Stratasys Ltd. is determined to scare up some fun this Halloween with a new line of glow-in-the-dark plastics that customers can "print" into 3-D ghouls, goblins and trolls right in their home or office.

The new plastic, which comes in a stringlike form and retails for $130 per spool, was introduced earlier this month by Stratasys' subsidiary ­MakerBot.

While Eden Prairie-based Stratasys has traditionally focused on manufacturing industrial 3-D printers for automobile, airplane, medical device and other customers, MakerBot focuses on creative types who want to make fun or useful prototypes with a small desktop 3-D printer in the home or office. The objects are made by depositing many tiny layers of plastic until they form the desired shape or product.

The latest offering by the $324 million company requires the Halloween artist to first charge the plastic filament for two or three minutes. The charge activates a phosphorous dye inside the plastic. Once charged, that plastic filament can be "printed" into any creepy, crawly or floating shape, and it will glow a "ghostly green" in the dark.

Along with the new glow-in-the dark materials, "We introduced a couple new MakerBot PLA Filament colors this fall, including our beautiful translucent filaments as well as the versatile MakerBot flexible filament and dissolvable filament," said MakerBot CEO Bre Pettis.

The products are just the latest offering for Stratasys, which co-founders Scott and Lisa Crump first formed in their kitchen in 1992.

Speaking Monday to an audience of business owners at Enterprise Minnesota's CEO Peer Council, Scott Crump said he got the idea for Stratasys after playing around with a glue gun, design software and a computer.
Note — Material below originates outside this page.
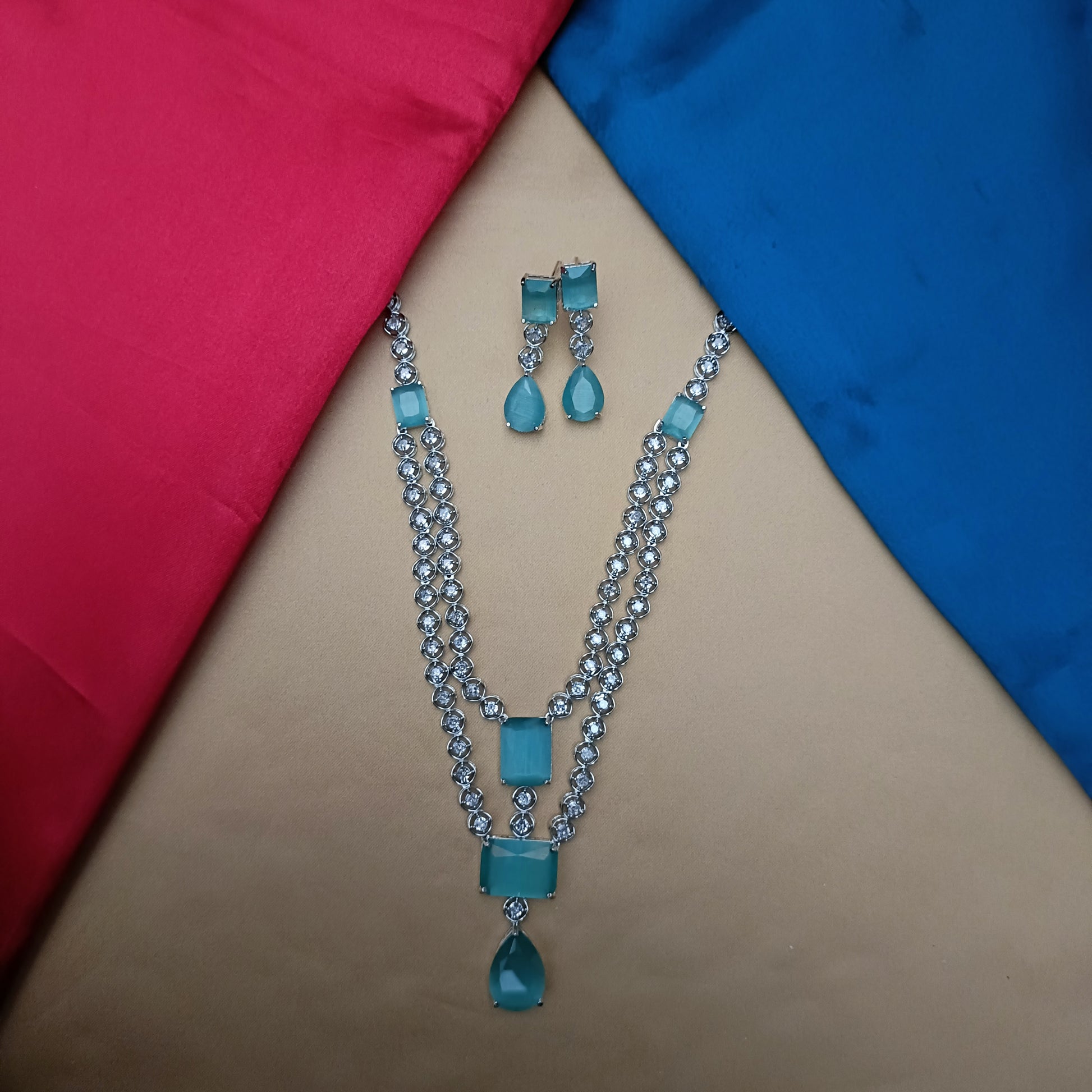 Elegant Silver Layered Short Necklace In Pista Green Stone

He used the tools to make a toy frog for his then-2-year-old daughter.

"She loved it and played with it often," said Crump. "But for me, it was an early view that you could actually produce a product from a computer."

With that, his idea for a programmable, no-mess rapid prototyping device was born. Crump said he and Lisa used kitchen pots and pans to melt the first batches of plastics and waxes used in the business. That worked for a while until their food started tasting like plastic, said Crump with a chuckle. They moved the business into the garage.

Crump said he always wanted to offer design engineers a quick and clean way to make batches of test products ranging from jewelry to installation tools used in BMW car factories.

"I had a dream 25 years ago to offer engineers 3-D printing from a CAAD design [computer]," Crump said, adding that business owners today can use the technology to "create your dream."

He wasn't kidding.

Caught in the lobby outside the seminar room, Crump showed a seminar attendee a large plastic wrench. He then pulled from his pockets a handful of orange and yellow ball bearings, followed by a bright yellow chain, all crafted from the thousands of printers Stratasys now sells around the world.

Back in the conference room, he showed business executives videos of fashion models in Paris strutting down the runway in daring high-heel shoes made by Stratasys 3-D printers. Another video showed doctors and therapists using the firm's rapid prototypers to make robotic arm straps for a 3-year-old girl with a birth defect.

Now the company has a host of new machines that mix or layer different plastics, rubbers and waxes so that products can have different movable parts with varying strength and flexibility, said Lisa Crump.

Stratasys machines make parts for Delta Air Lines; General Motors; the University of Minnesota; GVL Poly in Litchfield, Minn.; Whiteboard in Eden Prairie; and ProtoLabs in Plymouth.